Turkish Airlines raises number of flights to China's Xian

Published 22.01.2020 14:25
Updated 22.01.2020 14:39
Turkish Airlines increased its direct flights to China's Xian, the starting point of the historic Silk Road. Reuters Photo
Turkish Airlines increased its direct flights to China's Xian, the starting point of the historic Silk Road. (Reuters Photo)

Turkish Airlines has increased its direct flights from Istanbul to Xian, the historical starting point of the Silk Road, totaling up to four flights per week to the Chinese province, home to the Asian country’s famous underground Terracotta Army.

The direct flights by Turkey’s flag carrier initially began on Dec. 30 with three flights a week to the city.

The Chinese city, with its 3,000 years of history, hosts more than 2 million tourists every year and is the Turkish carrier's fifth destination in mainland China.

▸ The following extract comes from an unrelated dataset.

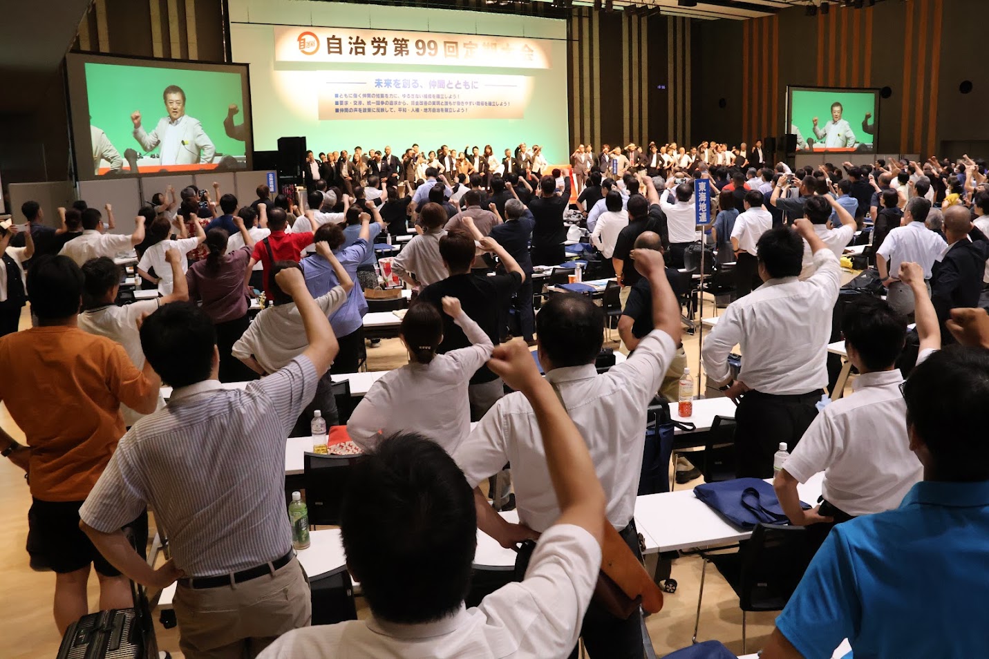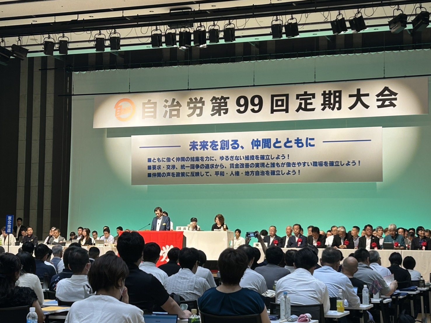 8月25日~27日、「自治労第99回定期大会」が宇都宮市で開催され、東交からは本部より、代議員及び傍聴者12名が参加した。大会では、運動方針に対する質疑にて、第4号議案について、東京都本部を代表し、松村中央執行委員長より、財政と構造改革、とりわけ組合費の引き上げに絞って、「安易な組合費の引き上げの議論ではなく、足元の組織を立て直し、組織の強化・拡大をやり抜くことだ。組織の弱体化を招きかねない組合費の引き上げの提起について県本部・単組の状況や意見の反映を行うよう求める」として、結論ありきでない議論を行うよう要請があった。

The airline's four other destinations are Beijing, Shanghai, Guangzhou and Hong Kong.

The number of Chinese tourists visiting Turkey has also gone up, with a 9% increase in the first 11 months of 2019, reaching 403,739. Turkish Airlines recorded 25.5 million transit passengers last year, along with some 42.4 million international passengers, reaching up to 5.9 million passengers from the Far East – a 7% increase. The occupancy rate of the airline was recorded as 85.7%.

Terracotta Army

Xian is one of the oldest cities in China, located 1,000 kilometers from Beijing and known as the beginning of the historic Silk Road. The city is famous for hosting the underground Terracotta Army built in 210 B.C. Tourists from around the world flock to the museum to see the more than 8,000 clay soldiers located in the mausoleum of the first Chinese emperor, Qin Shi Huang, a site named in UNESCO's World Heritage List.

Studies have revealed that the clay soldiers, noteworthy for their different gestures and unique facial features in the grave in Xian, which hosted 11 dynasties, were the spitting images of soldiers deployed in the empire's army. The heights of the statues vary between 183 centimeters and 195 centimeters. The soldiers appear ready to fight, dressed in their personal armor and sporting hair knobs. The emperor built the underground grave because he believed the soldiers would protect him after he died. Several of the statues are on display at Istanbul's Topkapı Palace.

While only 65 of the 600 pits have been unearthed, it is estimated that 700,000 people worked for 37 years on the grave's construction. It has also been discovered that the army was spread over an area of 98 square kilometers. Many weapons have been found in the pits such as swords, spears, axes, machetes, shields and arrowheads, as well as 40,000 bronze weapon parts. It is believed that the workers who buried the underground army were killed and buried in these tombs so that the location of the tomb would remain hidden. While Qin Shi Huang, who defeated all the principalities in China, established the Qin Dynasty and proclaimed himself the emperor, construction of his tomb started while he was still alive.

The mysterious army was discovered in 1974 in the Lintong district when local farmers were drilling wells. The grave also includes 520 mounted troops, 130 chariots and 150 cavalry horses as well as tools and equipment, including war instruments. Many sculptures have yet to be excavated to keep their chemistry untouched until new technology to analyze them is developed. After the excavation of the Terracotta Army, the painted surface of some terracotta figures has begun to flake and disappear.

The emperor's tomb, accompanied by China's famous immortal army, has been dubbed the eighth wonder of the world and is located 36 meters underground. For the underground army, four main pits with a depth of nearly 7 meters were excavated, with the largest one measuring 230 meters long and 62 meters wide, consisting of more than 6,000 figures. The second and third pits include chariots, cavalry and infantry units and high-ranking officers.